I copied over that information this past weekend, so it should now be available at http://www.clozure.com/~rme/

>> Also, what is the (calll (@ .SPMAKES32)) for?  Again, given the context
>> of all the lying.
> 
> Um, "lack of support for immediate operations on signed integers of
> the native word size" ?
> 
> CCL's support for operations on unboxed integers that fit in a machine
> word  in general is poor, but what support exists is oriented towards
> unsigned integers (there's no good reason for excluding signed integers;
> that support just isn't there.)
> 
> In x86-64 CCL, the inner part of a loop that copies between two
> vectors of type (SIMPLE-ARRAY (UNSIGNED-BYTE 64) (*)) A and B looks
> like:
> 
> ;;; (aref b i)
> L29
>   [29]    (movq (@ -5 (% save2) (% save0)) (% imm0))
> 
> ;;; (setf (aref a i) (aref b i))
>   [34]    (movq (% imm0) (@ -5 (% save1) (% save0)))
> 
> which is fairly reasonable; the analogous case with vectors
> of element type (SIGNED-BYTE 64) is considerably less so: there's
> some completely unnecesary boxing and unboxing between those two
> instructions.  I'd expect the x86-32 code be roughly equivalent
> to the code above in the (UNSIGNED-BYTE 32) case and don't know
> why it isn't.  Matt's goofing off rather than working on a Friday
> night, so we'll have to wait for the answer.)

The x86-64 version of CCL existed before the 32-bit x86 version, so I was adding 32-bit support to an existing 64-bit backend rather than the (probably more usual) other way around.

There is some compiler support for dealing with elements of type (unsigned-byte 64), which is the native word size on x86-64.  The 64-bit backend doesn't do anything special with (unsigned-byte 32) elements---it just boxes the result (which is fairly cheap, since we know it will fit in a fixnum).  The code that dealt with (unsigned-byte 32) elements "just worked" on 32-bit systems too (although on 32-bit x86, the boxing isn't necessarily cheap---see the calls to .SPmakeu32).  So, there's no deep reason for all the boxing and unboxing on x8632.  What can I say?  Bad hacker, no cookie.

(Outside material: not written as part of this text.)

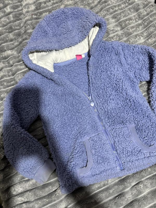Хутряна кофта синя з капюшоном, розмір 116, б/в з дефектами

We can do a little better:

;;; using a slightly patched compiler

(defun copy-u32-vector (src dest)
  (declare (type (simple-array (unsigned-byte 32)) src dest)
	   (optimize (speed 3) (safety 0)))
  (dotimes (i (length dest))
    (setf (aref dest i) (aref src i))))

;;; (aref src i)
L33
  [33]    (movl (@ -4 (% ebp)) (% arg_y))
  [36]    (movl (@ -16 (% ebp)) (% arg_z))
  [39]    (movl (% arg_z) (% imm0))
  [41]    (movl (@ -2 (% arg_y) (% imm0)) (% imm0))

;;; (setf (aref dest i) (aref src i))
  [45]    (movl (@ -16 (% ebp)) (% arg_y))
  [48]    (movl (@ -8 (% ebp)) (% temp0))
  [51]    (btrl ($ 2) (@ (% fs) 8))
  [61]    (movl (% arg_y) (% temp1))
  [63]    (movl (% imm0) (@ -2 (% temp0) (% temp1)))
  [67]    (xorl (% temp1) (% temp1))
  [69]    (btsl ($ 2) (@ (% fs) 8))

;;; (dotimes (i (length dest)) (setf (aref dest i) (aref src i)))
  [79]    (movl (@ -16 (% ebp)) (% arg_z))
  [82]    (addl ($ 4) (% arg_z))
  [85]    (movl (% arg_z) (@ -16 (% ebp)))
L88
  [88]    (movl (@ -16 (% ebp)) (% arg_y))
  [91]    (movl (@ -12 (% ebp)) (% arg_z))
  [94]    (cmpl (% arg_z) (% arg_y))
  [96]    (jl L33)

There's a lot of stack traffic (can we have some registers here, please?), and we end up doing the mark-as-imm/mark-as-node dance on %temp1 within the loop, but it's less dreadful.

I'll clean these changes up and commit them soon.